**DATA SEGMENT**

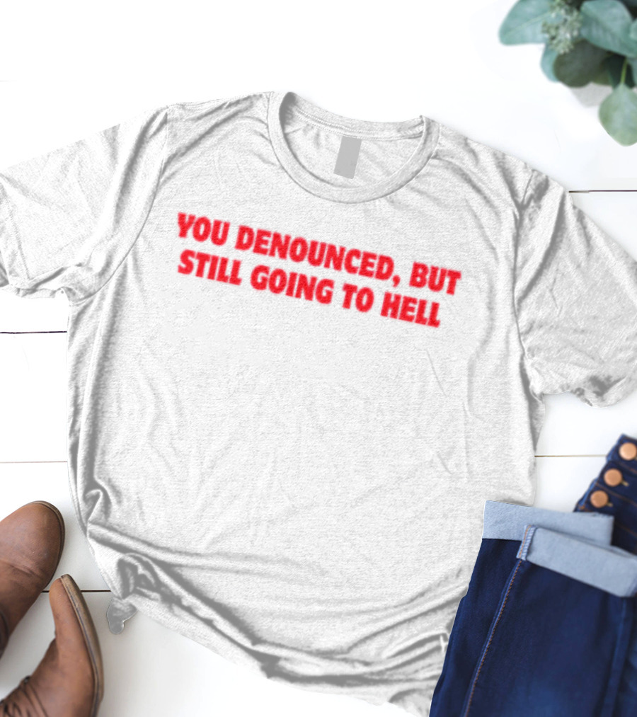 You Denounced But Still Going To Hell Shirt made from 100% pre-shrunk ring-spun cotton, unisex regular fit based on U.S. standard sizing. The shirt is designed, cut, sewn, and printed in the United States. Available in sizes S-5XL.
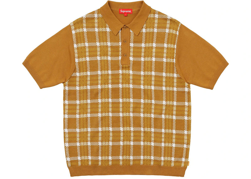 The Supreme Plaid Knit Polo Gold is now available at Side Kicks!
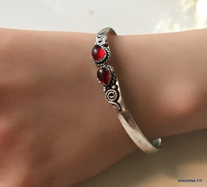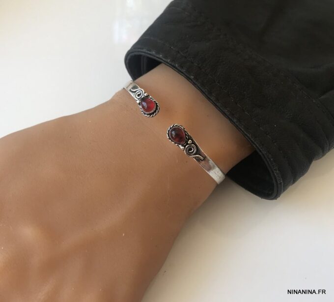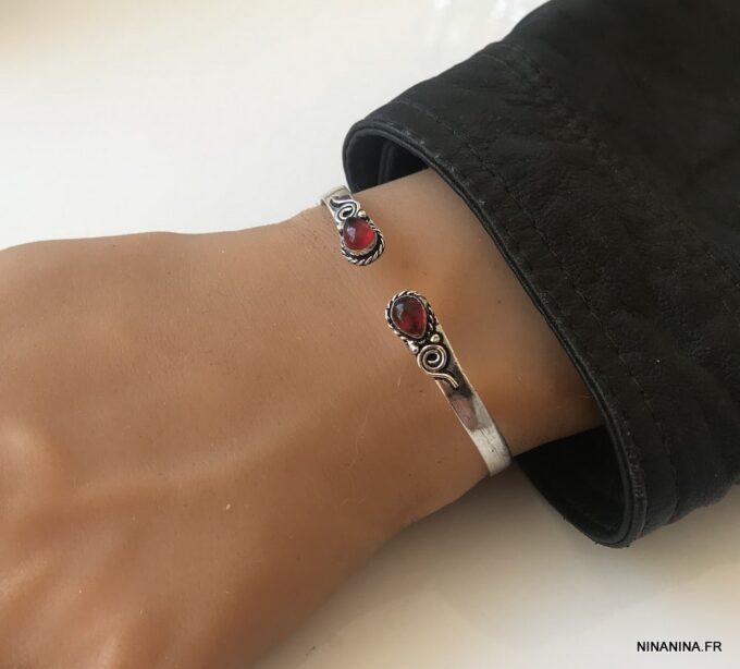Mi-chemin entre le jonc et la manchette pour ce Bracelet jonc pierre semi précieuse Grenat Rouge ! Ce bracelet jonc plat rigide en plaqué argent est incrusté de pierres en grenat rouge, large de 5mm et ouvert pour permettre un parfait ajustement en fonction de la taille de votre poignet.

**WHAT YOU NEED TO DO**
Exact copy, pictures excluded: repeat the lines from the top of the material through the line with "The Supreme Plaid".

**REPLY**
 You Denounced But Still Going To Hell Shirt made from 100% pre-shrunk ring-spun cotton, unisex regular fit based on U.S. standard sizing. The shirt is designed, cut, sewn, and printed in the United States. Available in sizes S-5XL.
 The Supreme Plaid Knit Polo Gold is now available at Side Kicks!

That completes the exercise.